Question

Differentiate the following w.r.t.x and find the value when x=3; (6x^2+3)(3x+7)

Answer 1

Solution :

Knowledge required :

• Exponential rule of differentiation :

If y = x^n then the Differentiation of x^n will be n·x^(n - 1)

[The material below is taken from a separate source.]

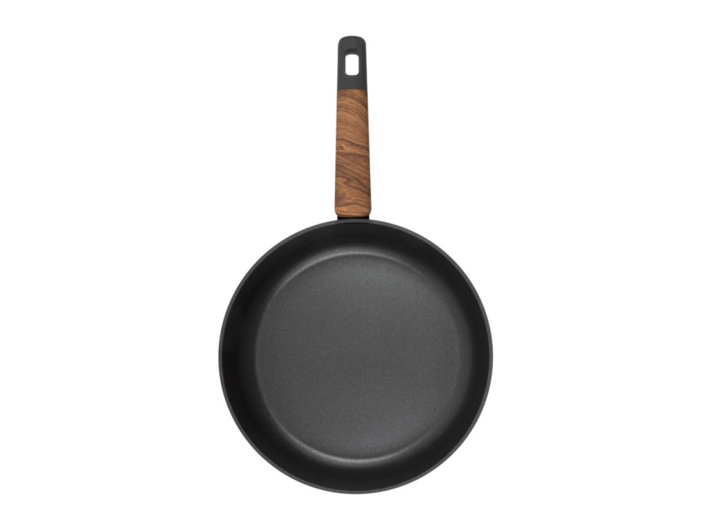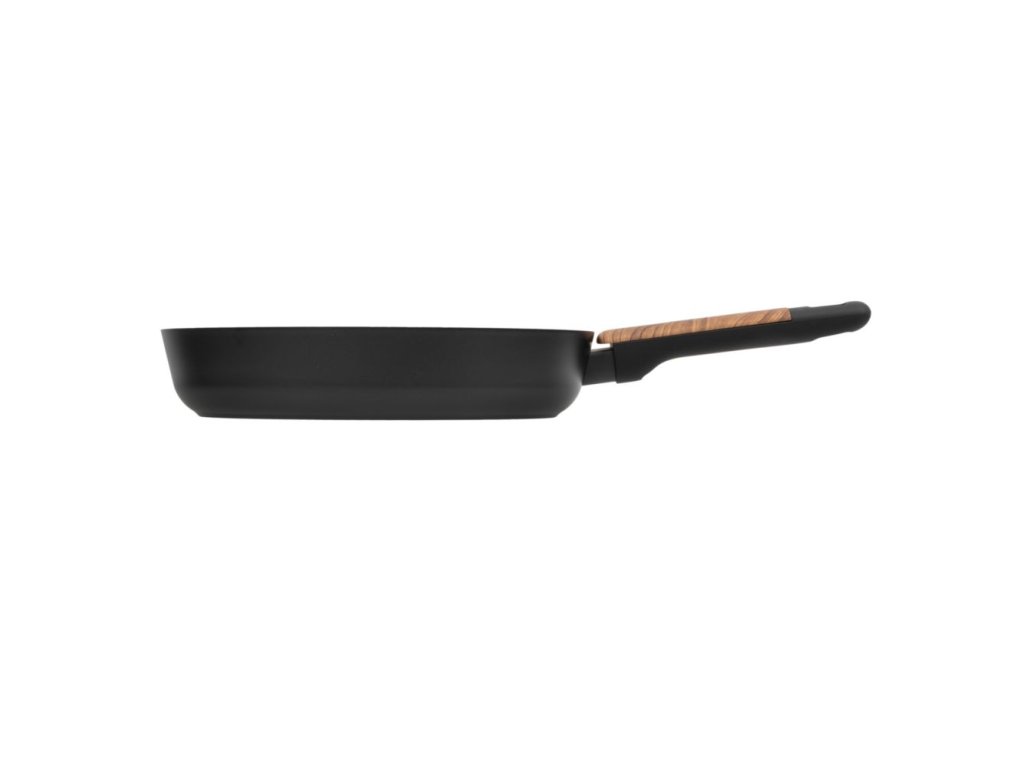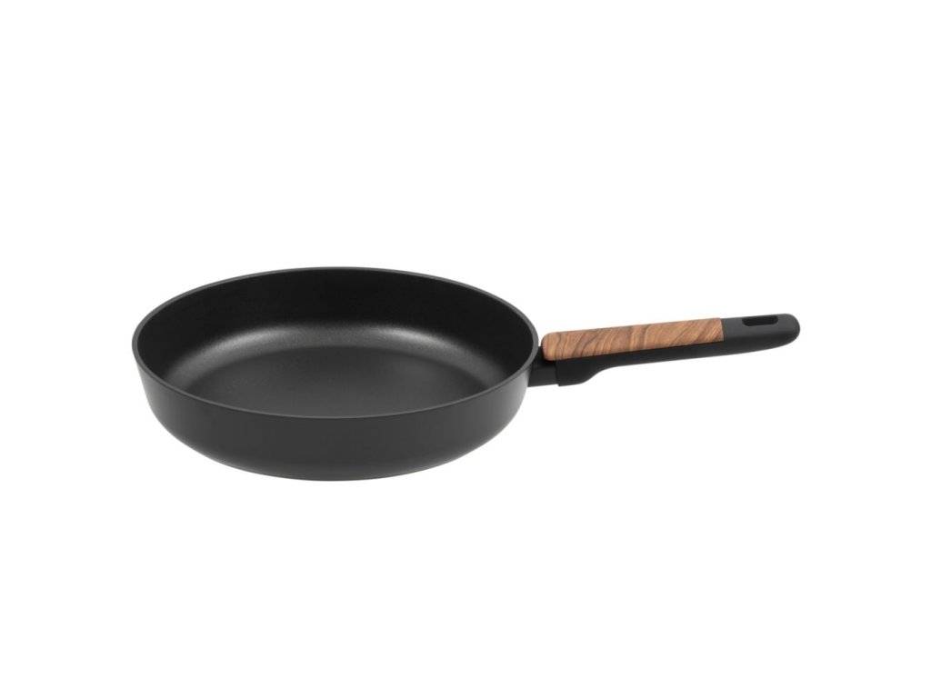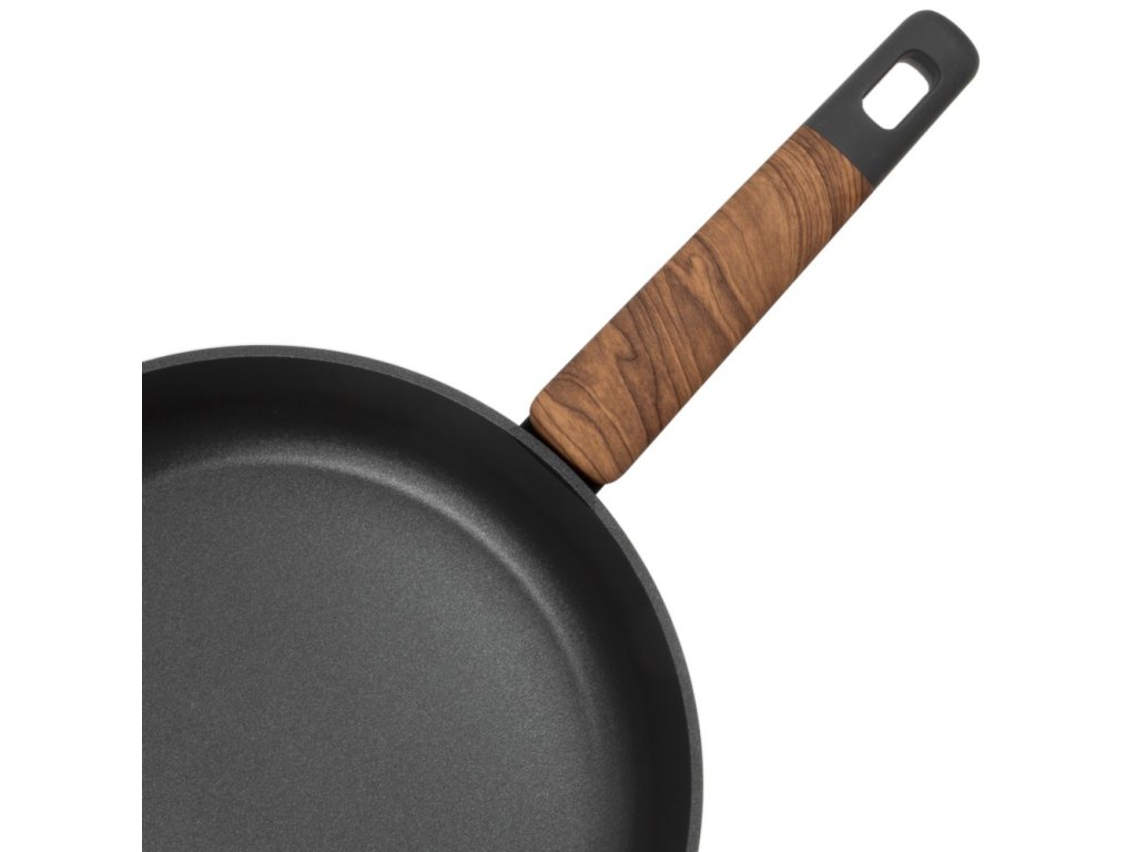 Všechny pánve z kolekce Mon jsou opatřeny zesíleným nepřilnavým povrchem, který zabraňuje přichycení jídla k pánvi. Neobsahují PTFE, takže vás udrží daleko od těchto toxických „věčných chemikálií“. Navíc mají ergonomické, na dotek měkké rukojeti s vložkami podobnými dřevu, díky čemuž jsou stylové a pohodlné.

• Differentiation of constant term is 0.i.e,

d(7)/dx = 0

• Exponent rule that , x⁰ = 1.

Now,

First let us find the Differentiation of :

(6x² + 3)(3x + 7)

We know the product rule of differentiation,i.e,

$\boxed{\rm{\dfrac{d(uv)}{dx} = u\dfrac{dv}{dx} + v\dfrac{du}{dx}}}$

Now by using the product rule and substituting the values in it, we get :

Here,

• u = 6x² + 3
• v = 3x + 7

$:\implies \rm{\dfrac{d(uv)}{dx} = u\dfrac{d(v)}{dx} + v\dfrac{d(u)}{dx}}$

$:\implies \rm{\dfrac{dy}{dx} = (6x^{2} + 3) \times \dfrac{d(3x + 7)}{dx} + (3x + 7) \times \dfrac{d(6x^{2} + 3)}{dx}}$ ⠀⠀⠀⠀⠀⠀⠀⠀Eq.(i)

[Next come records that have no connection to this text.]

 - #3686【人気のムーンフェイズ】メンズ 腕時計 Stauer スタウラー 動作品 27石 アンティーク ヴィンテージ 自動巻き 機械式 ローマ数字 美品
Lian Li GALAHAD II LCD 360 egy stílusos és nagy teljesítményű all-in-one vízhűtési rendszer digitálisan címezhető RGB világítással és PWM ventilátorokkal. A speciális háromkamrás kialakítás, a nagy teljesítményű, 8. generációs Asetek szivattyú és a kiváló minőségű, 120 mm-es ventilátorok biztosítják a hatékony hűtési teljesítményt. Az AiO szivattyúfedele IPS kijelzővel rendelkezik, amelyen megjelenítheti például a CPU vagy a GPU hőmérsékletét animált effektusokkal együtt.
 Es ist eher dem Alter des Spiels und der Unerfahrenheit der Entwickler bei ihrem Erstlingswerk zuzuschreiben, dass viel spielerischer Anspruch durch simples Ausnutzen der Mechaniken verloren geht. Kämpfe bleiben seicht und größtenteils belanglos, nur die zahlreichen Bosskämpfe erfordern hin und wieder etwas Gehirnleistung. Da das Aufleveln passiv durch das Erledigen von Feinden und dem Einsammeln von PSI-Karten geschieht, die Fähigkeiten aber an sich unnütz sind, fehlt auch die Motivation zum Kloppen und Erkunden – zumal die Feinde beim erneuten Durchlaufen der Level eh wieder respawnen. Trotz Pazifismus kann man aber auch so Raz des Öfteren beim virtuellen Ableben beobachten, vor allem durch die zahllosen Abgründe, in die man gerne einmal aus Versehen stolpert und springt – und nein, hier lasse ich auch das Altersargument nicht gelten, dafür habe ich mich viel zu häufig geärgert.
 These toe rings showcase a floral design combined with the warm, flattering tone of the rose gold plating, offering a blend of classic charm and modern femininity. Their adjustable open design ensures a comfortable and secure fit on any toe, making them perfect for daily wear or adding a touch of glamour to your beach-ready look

Now let's Differentiate the term u i.e, (6x² + 3)

$:\implies \bf{\dfrac{dy}{dx} = \dfrac{d(6x^{2} + 3)}{dx}}$

$:\implies \bf{\dfrac{dy}{dx} = 2 \times 6x^{(2 - 1)} + 0}$

$:\implies \bf{\dfrac{dy}{dx} = 2 \times 6x^{1}}$

$:\implies \bf{\dfrac{dy}{dx} = 12x}$

$\boxed{\therefore \bf{\dfrac{d(6x^{2} + 3)}{dx} = 12x}}$

Hence the Differentiation of 6x² + 3 is 12x.

Now let's Differentiate the term u i.e, (3x + 7)

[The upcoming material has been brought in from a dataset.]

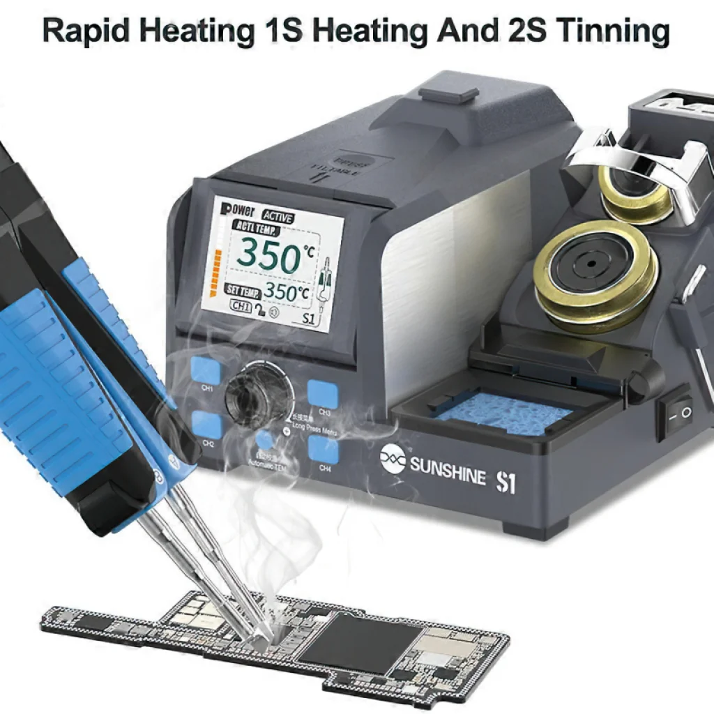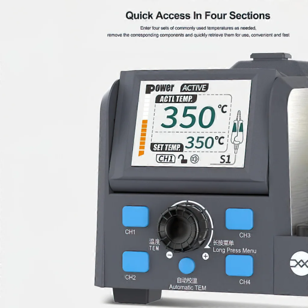 A Sunshine S1 Forrasztóállomás magas teljesítményt nyújt elektronikai javításokhoz, ideális kis és nagy precizitású alkatrészek kiforrasztásához, gyors felfűtéssel mindössze 2 másodperc alatt. A teljes színű dinamikus kijelző, amely állítható dőlésszöggel rendelkezik, tiszta megtekintést és intuitív kezelhetőséget biztosít, míg az intelligens automatikus hőmérséklet-beállító mód hatékony és biztonságos munkafolyamatot garantál. Az állomás gyors hozzáférést nyújt négy gyakran használt hőmérséklet-beállításhoz, megkönnyítve az alkatrészek eltávolítását és újrafelhasználását. Többfunkciós vezérléssel, amely egy kattintással állítható, a Sunshine S1 könnyű használatot ötvöz a modern javítóműhelyekben szükséges precizitással és hatékonysággal.

$:\implies \bf{\dfrac{dy}{dx} = \dfrac{d(3x + 7)}{dx}}$

$:\implies \bf{\dfrac{dy}{dx} = 1 \times 3x^{(1 - 1)} + 0}$

$:\implies \bf{\dfrac{dy}{dx} = 1 \times 3x^{0}}$

$:\implies \bf{\dfrac{dy}{dx} = 3 \times 1}$

$:\implies \bf{\dfrac{dy}{dx} = 3}$

$\boxed{\therefore \bf{\dfrac{d(3x + 7)}{dx} = 3}}$

Hence the Differentiation of 3x + 7 is 3.

By substituting them in the equation (i) , we get :

$:\implies \rm{\dfrac{dy}{dx} = (6x^{2} + 3) \times \dfrac{d(3x + 7)}{dx} + (3x + 7) \times \dfrac{d(6x^{2} + 3)}{dx}}$

$:\implies \rm{\dfrac{dy}{dx} = (6x^{2} + 3) \times 3 + (3x + 7) \times 6x}$

$:\implies \rm{\dfrac{dy}{dx} = 18x^{2} + 9 + 18x^{2} + 42x}$

$:\implies \rm{\dfrac{dy}{dx} = 36x^{2} + 42x + 9}$

$\boxed{\therefore \rm{\dfrac{dy}{dx} = 36x^{2} + 42x + 9}}$

Hence the derivative of (6x² + 3)(3x + 7) is 36x² + 42x + 9.

Now by substituting the value of x in the equation , 36x² + 42x + 9 , we get :

==> 36 × (3)² + 42 × 3 + 9

==> 36 × 9 + 126 + 9

==> 323 + 126 + 9

==> 459

Hence the value of (6x² + 3)(3x + 7) (After Differentiating) is 459.